== Dataset entries
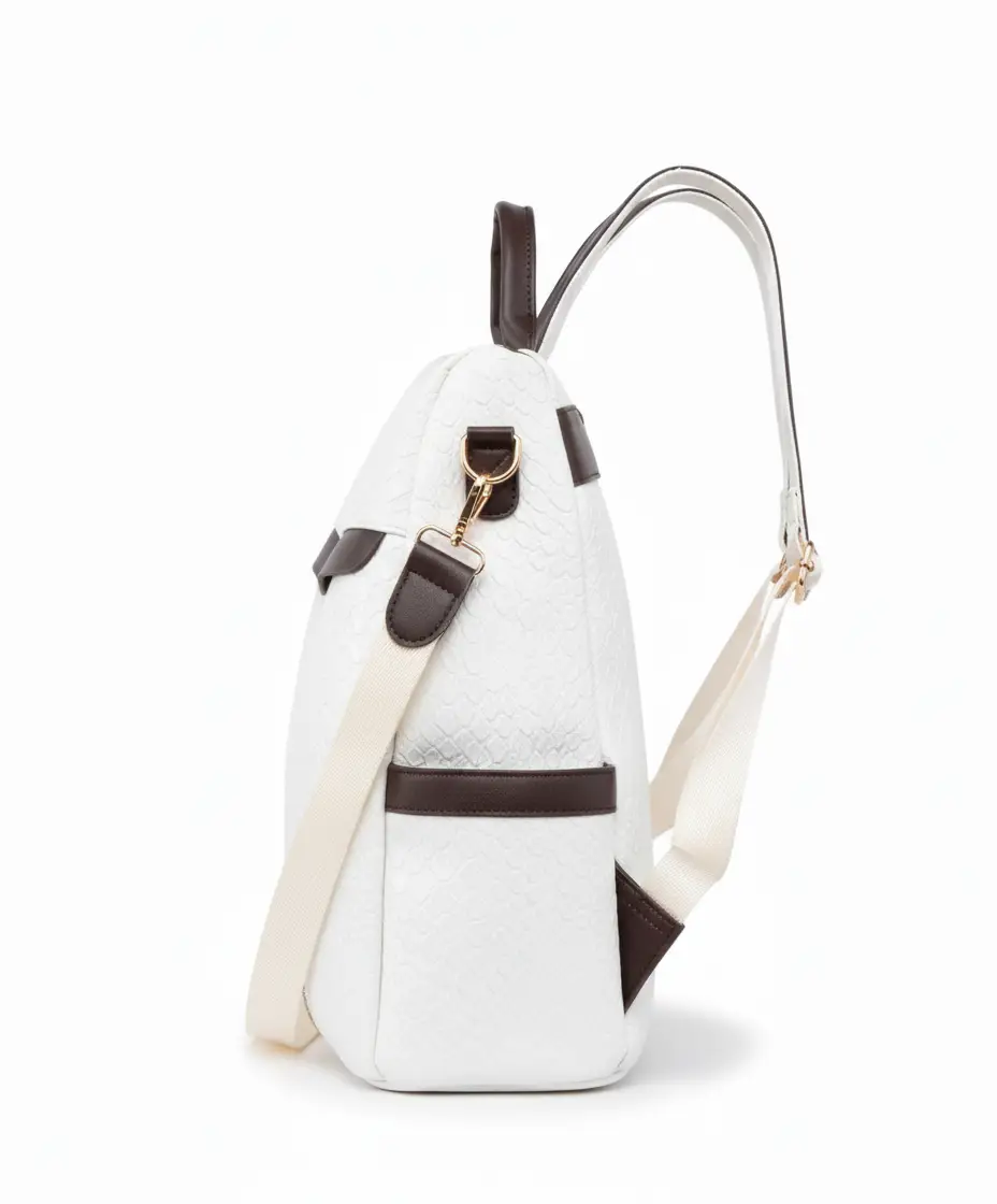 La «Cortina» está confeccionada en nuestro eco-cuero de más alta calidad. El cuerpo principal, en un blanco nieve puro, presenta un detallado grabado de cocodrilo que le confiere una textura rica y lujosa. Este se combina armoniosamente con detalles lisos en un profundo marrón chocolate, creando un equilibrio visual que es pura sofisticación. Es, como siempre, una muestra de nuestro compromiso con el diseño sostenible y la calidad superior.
====
== Dataset entries
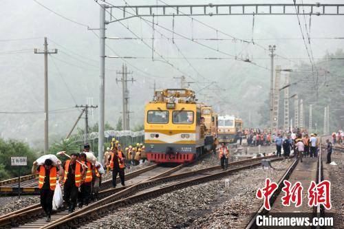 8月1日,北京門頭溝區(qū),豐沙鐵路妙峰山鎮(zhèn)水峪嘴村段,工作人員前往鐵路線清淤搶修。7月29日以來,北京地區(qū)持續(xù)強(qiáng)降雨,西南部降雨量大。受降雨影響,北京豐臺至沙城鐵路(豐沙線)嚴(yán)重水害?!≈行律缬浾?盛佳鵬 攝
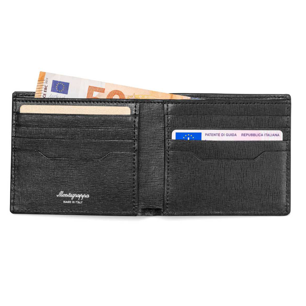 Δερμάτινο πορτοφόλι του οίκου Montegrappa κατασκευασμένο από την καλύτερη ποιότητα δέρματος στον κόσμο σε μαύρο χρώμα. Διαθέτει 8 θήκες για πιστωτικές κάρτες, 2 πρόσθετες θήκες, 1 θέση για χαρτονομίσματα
====
What the task asks – Print from the line containing "8月1日,北京門頭溝區(qū" through the line containing "Δερμάτινο πορτοφόλι του" in the data above, exactly as the lines stand, and omit every picture.

Output below –
 8月1日,北京門頭溝區(qū),豐沙鐵路妙峰山鎮(zhèn)水峪嘴村段,工作人員前往鐵路線清淤搶修。7月29日以來,北京地區(qū)持續(xù)強(qiáng)降雨,西南部降雨量大。受降雨影響,北京豐臺至沙城鐵路(豐沙線)嚴(yán)重水害?!≈行律缬浾?盛佳鵬 攝
 Δερμάτινο πορτοφόλι του οίκου Montegrappa κατασκευασμένο από την καλύτερη ποιότητα δέρματος στον κόσμο σε μαύρο χρώμα. Διαθέτει 8 θήκες για πιστωτικές κάρτες, 2 πρόσθετες θήκες, 1 θέση για χαρτονομίσματα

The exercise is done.